Baseball’s stars don’t have the same profile as those in the NBA and NFL. The various lists of the most popular athletes don’t include ballplayers near the top. MLB’s best player, Angels outfielder Mike Trout, is relatively anonymous. Commissioner Rob Manfred blamed Trout for that at the 2018 All-Star Game.

Now team owners are proposing that, for this season to be played, Trout and other stars should take a salary reduction of at least 70%. Quipped Brewers left-hander Brett Anderson on Twitter: “Interesting strategy of making the best most marketable players potentially look like the bad guys.”

I get that MLB owners are trying to minimize their labor costs. They won’t make as much revenue without fans in the stands this season. They want to transfer as much of their financial risk to players as they can. (The players rightly note they’d face increased health risks by taking the field during the COVID-19 pandemic.)

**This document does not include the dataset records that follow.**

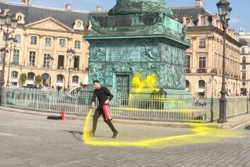 After his release, he painted testicles beneath the Colonne Vendôme in Paris in September, describing the work as “Conception.” He was arrested two days later and charged with vandalizing a French architectural monument.
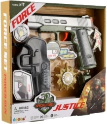Kreieren Sie Ihren eigenen wilden Westen zu Hause mit dem Set Teddies Pistole mit Zubehör Sheriff. Dieses Spielzeug ist so gestaltet, dass es die Fantasie anregt und es Kindern ermöglicht, Helden ihres eigenen Abenteuers zu werden.
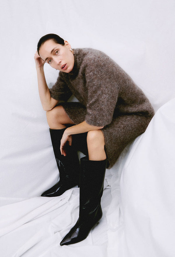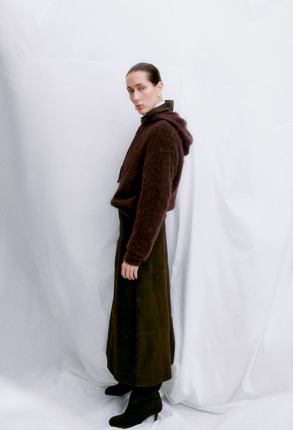 Anneleen Knit Hoodie / Noormie Suede Skirt
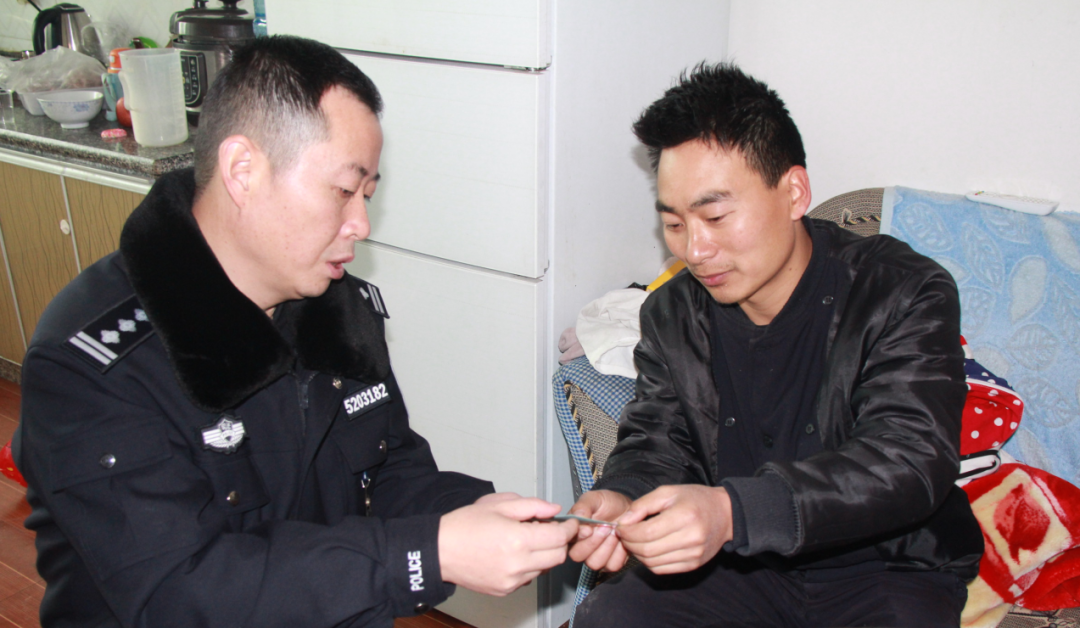 党委委员、副监狱长邱斌向民警罗忠勇发放走访联系卡

MLB owners might gain some short-term advantage by making their best players look bad. It will motivate plenty of fans to decry greedy ballplayers negotiating for money during a pandemic. Players are always at a PR disadvantage in labor negotiations and now more than ever.

American society accepts that workers, no matter their value, should have a cap on their compensation. No such limits are expected for the capitalists who profit from that value and often are bailed out when they don’t. The pandemic hasn’t seemed to change that outlook.

Players also have institutional disadvantages. Politicians and the courts decided long ago that the franchise owners should be allowed to socialize risk and privatize profits. The result is antitrust exemptions and huge tax subsidies for stadiums, which give billionaire team owners even more leverage over players.

Retired ex-Braves pitcher Eric O’Flaherty offered a defense of ballplayers on his Twitter account. O’Flaherty wrote that players are fighting for compensation on principle. They’d “look great” to the public if they took MLB’s first offer, O’Flaherty acknowledged.

“But they’d basically be handing over millions of dollars to franchises that are already worth billions of dollars just to avoid a fight,” O’Flaherty wrote. “Not a single player is looking for empathy. They know how lucky they are. They are just cautiously negotiating a fair deal.”

That’s a reasonable, nuanced view. I doubt fans will share it if there’s no baseball in 2020. Not all of them would be opposed to the idea of players protecting their salaries. They just want to see major league baseball in 2020.

Baseball owners are taking advantage of that dynamic by pressuring the highest-paid players to accept huge salary reductions. MLB teams have enjoyed record revenues for 17 consecutive seasons while player compensation has been flat for the past five (some of that is on the union). Team owners reap most of the rewards of their risks in good times. Now that their investment is taking a hit, they want players to share in more of the financial pain.

ESPN reports that players will counter by offering to play more games at their full, prorated salaries. That’s essentially the framework owners rejected, citing reduced game-day revenues. If MLB owners stick with their sliding-scale plan for player salaries, then many of baseball’s best players may end up being scapegoats.

That may be a good financial outcome for baseball owners in the short term. But damaging the brand isn’t a smart play in the big picture.